* _What the task asks_
Of the entries below, return exactly those lines that fall between the one containing "das neue Jahr" and the one containing "Bursting into life", the two end lines included.

* _Data for this task_
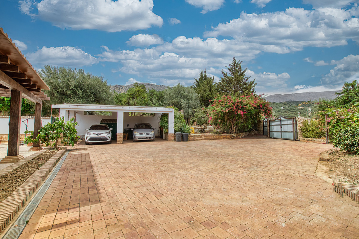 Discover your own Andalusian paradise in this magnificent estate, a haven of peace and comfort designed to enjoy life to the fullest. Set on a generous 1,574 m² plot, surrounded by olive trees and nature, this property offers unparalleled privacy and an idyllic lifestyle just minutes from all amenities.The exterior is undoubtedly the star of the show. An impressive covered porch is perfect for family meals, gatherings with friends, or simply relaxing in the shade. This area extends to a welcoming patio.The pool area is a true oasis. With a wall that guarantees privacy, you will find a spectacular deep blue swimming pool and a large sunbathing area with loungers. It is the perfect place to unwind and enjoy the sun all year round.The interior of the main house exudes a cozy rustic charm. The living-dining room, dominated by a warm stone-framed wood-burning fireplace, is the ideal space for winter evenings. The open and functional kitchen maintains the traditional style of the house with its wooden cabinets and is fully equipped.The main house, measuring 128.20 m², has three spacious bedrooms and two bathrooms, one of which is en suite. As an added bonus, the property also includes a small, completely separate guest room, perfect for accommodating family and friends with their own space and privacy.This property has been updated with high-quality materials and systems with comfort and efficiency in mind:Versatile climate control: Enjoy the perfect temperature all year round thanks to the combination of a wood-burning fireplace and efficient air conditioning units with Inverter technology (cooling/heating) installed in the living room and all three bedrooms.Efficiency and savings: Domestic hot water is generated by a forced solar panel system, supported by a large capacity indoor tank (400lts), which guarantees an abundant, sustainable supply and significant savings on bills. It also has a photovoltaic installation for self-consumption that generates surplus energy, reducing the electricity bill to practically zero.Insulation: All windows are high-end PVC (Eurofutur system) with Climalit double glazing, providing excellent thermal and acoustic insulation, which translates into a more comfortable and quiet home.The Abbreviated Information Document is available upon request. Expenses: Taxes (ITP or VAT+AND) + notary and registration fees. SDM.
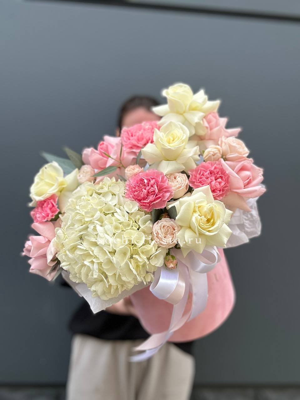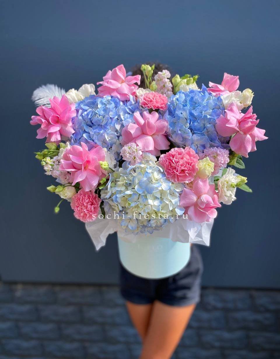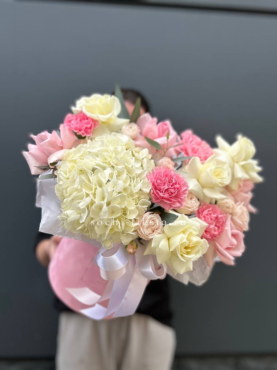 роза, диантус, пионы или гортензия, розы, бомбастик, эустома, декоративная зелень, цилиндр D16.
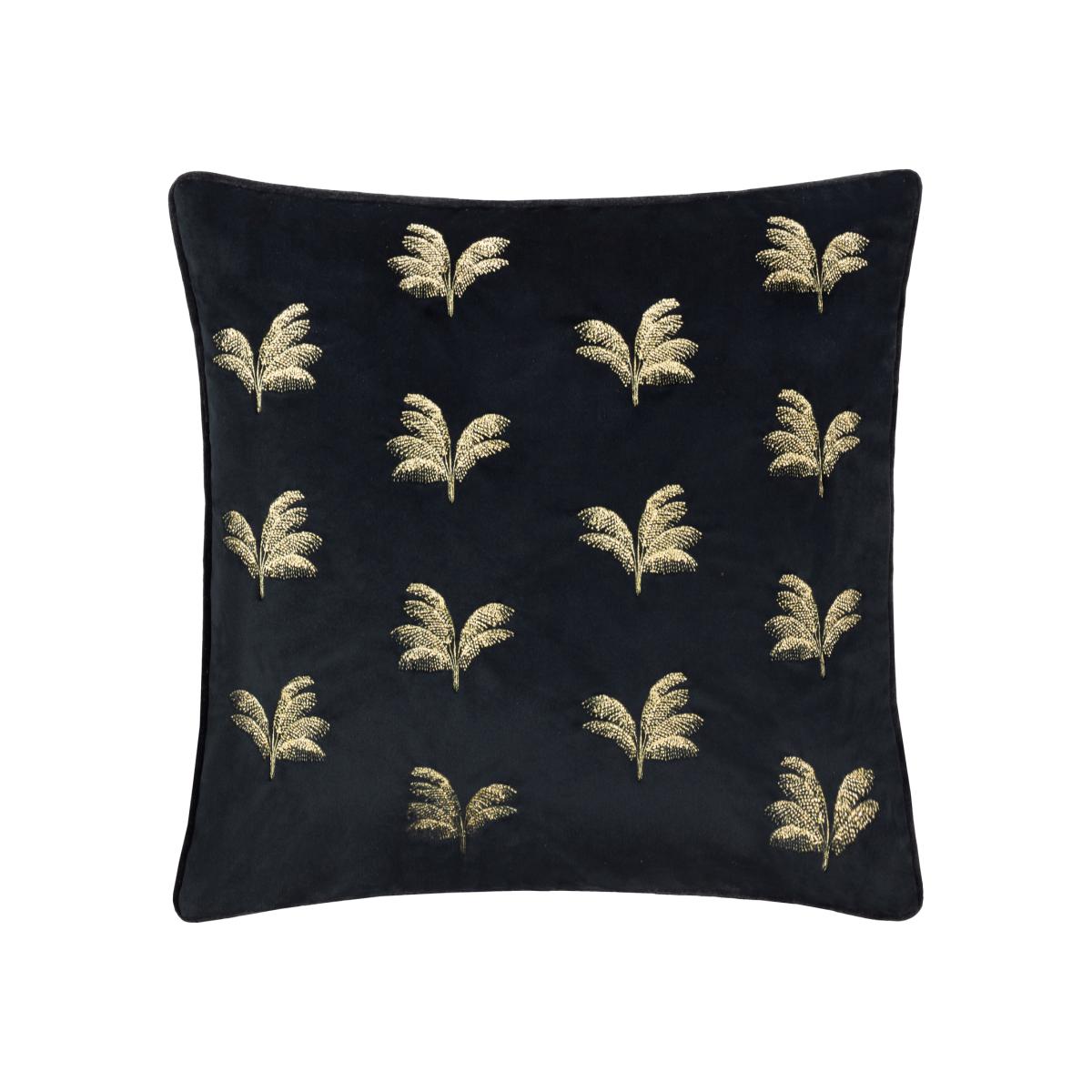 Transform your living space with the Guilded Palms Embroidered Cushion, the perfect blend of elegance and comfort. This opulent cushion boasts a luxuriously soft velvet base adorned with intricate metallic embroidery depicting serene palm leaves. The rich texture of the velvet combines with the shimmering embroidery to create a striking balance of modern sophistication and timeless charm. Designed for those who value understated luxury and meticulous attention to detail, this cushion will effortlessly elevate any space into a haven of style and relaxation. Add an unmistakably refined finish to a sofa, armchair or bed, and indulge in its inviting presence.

==

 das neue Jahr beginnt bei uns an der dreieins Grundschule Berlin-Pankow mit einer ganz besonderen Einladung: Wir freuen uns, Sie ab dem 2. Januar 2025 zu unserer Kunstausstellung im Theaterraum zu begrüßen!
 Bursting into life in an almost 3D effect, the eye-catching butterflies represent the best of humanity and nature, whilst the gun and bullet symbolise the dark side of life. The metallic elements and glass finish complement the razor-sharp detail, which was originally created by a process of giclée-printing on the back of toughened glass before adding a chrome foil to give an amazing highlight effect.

* _Exercise answer_
 das neue Jahr beginnt bei uns an der dreieins Grundschule Berlin-Pankow mit einer ganz besonderen Einladung: Wir freuen uns, Sie ab dem 2. Januar 2025 zu unserer Kunstausstellung im Theaterraum zu begrüßen!
 Bursting into life in an almost 3D effect, the eye-catching butterflies represent the best of humanity and nature, whilst the gun and bullet symbolise the dark side of life. The metallic elements and glass finish complement the razor-sharp detail, which was originally created by a process of giclée-printing on the back of toughened glass before adding a chrome foil to give an amazing highlight effect.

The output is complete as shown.